▶ **The task**: Going line by line through the records below, write out everything starting with the line containing "Motorbike Universal Holder" and going on through the line containing "This paper proposes", exactly and inclusively. Pictures do not go in.

▶ **Exercise input**:

-- Opening Marker --

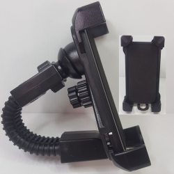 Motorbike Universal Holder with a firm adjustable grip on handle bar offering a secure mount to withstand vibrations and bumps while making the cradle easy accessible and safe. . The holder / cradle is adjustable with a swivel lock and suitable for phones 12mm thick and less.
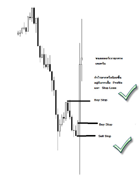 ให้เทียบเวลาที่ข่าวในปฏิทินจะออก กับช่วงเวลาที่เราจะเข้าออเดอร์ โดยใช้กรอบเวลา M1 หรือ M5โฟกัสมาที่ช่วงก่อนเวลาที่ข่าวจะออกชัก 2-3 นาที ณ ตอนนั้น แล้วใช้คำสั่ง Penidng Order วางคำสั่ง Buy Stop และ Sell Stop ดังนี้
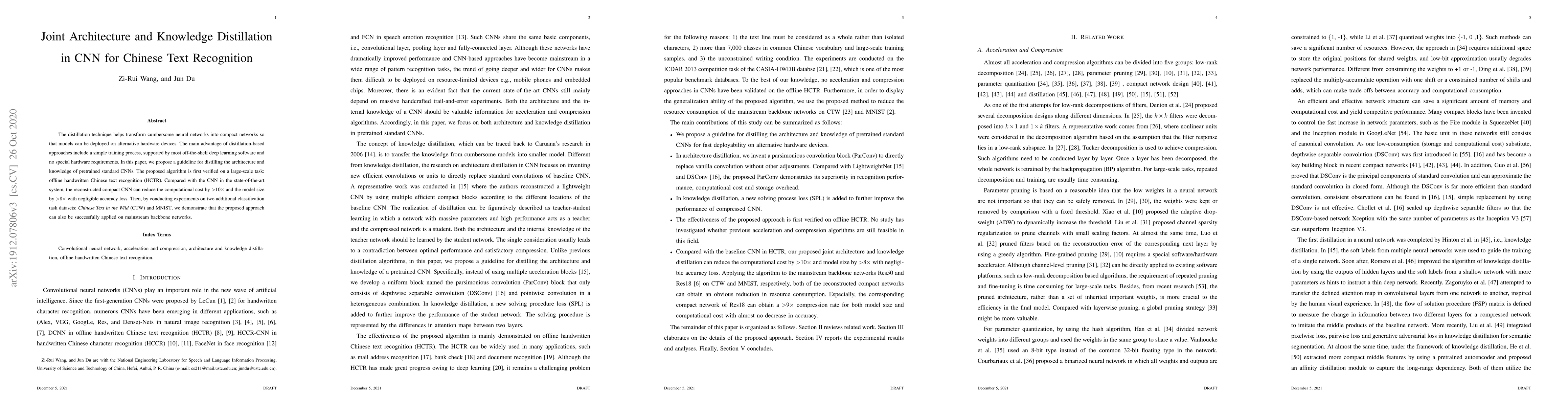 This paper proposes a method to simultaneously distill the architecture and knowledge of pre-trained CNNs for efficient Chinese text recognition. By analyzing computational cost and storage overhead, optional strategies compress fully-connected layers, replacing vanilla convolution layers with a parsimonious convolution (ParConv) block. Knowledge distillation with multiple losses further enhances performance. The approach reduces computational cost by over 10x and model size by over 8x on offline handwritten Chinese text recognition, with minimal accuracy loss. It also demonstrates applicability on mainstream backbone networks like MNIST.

-- Closing Marker --
-- Opening Marker --

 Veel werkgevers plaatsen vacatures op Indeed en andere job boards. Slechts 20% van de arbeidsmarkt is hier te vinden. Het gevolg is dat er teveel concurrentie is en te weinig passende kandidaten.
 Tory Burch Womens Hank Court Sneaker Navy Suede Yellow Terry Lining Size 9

-- Closing Marker --
-- Opening Marker --

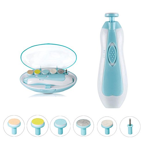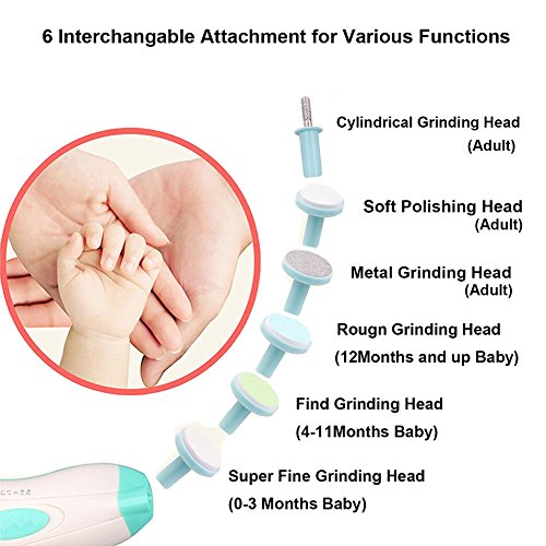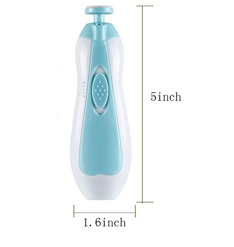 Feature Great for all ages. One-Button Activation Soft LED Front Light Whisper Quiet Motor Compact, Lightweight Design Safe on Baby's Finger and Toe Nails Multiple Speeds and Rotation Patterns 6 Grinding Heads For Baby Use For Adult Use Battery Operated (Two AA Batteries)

-- Closing Marker --

▶ **Result for this exercise**:
 Motorbike Universal Holder with a firm adjustable grip on handle bar offering a secure mount to withstand vibrations and bumps while making the cradle easy accessible and safe. . The holder / cradle is adjustable with a swivel lock and suitable for phones 12mm thick and less.
 ให้เทียบเวลาที่ข่าวในปฏิทินจะออก กับช่วงเวลาที่เราจะเข้าออเดอร์ โดยใช้กรอบเวลา M1 หรือ M5โฟกัสมาที่ช่วงก่อนเวลาที่ข่าวจะออกชัก 2-3 นาที ณ ตอนนั้น แล้วใช้คำสั่ง Penidng Order วางคำสั่ง Buy Stop และ Sell Stop ดังนี้
 This paper proposes a method to simultaneously distill the architecture and knowledge of pre-trained CNNs for efficient Chinese text recognition. By analyzing computational cost and storage overhead, optional strategies compress fully-connected layers, replacing vanilla convolution layers with a parsimonious convolution (ParConv) block. Knowledge distillation with multiple losses further enhances performance. The approach reduces computational cost by over 10x and model size by over 8x on offline handwritten Chinese text recognition, with minimal accuracy loss. It also demonstrates applicability on mainstream backbone networks like MNIST.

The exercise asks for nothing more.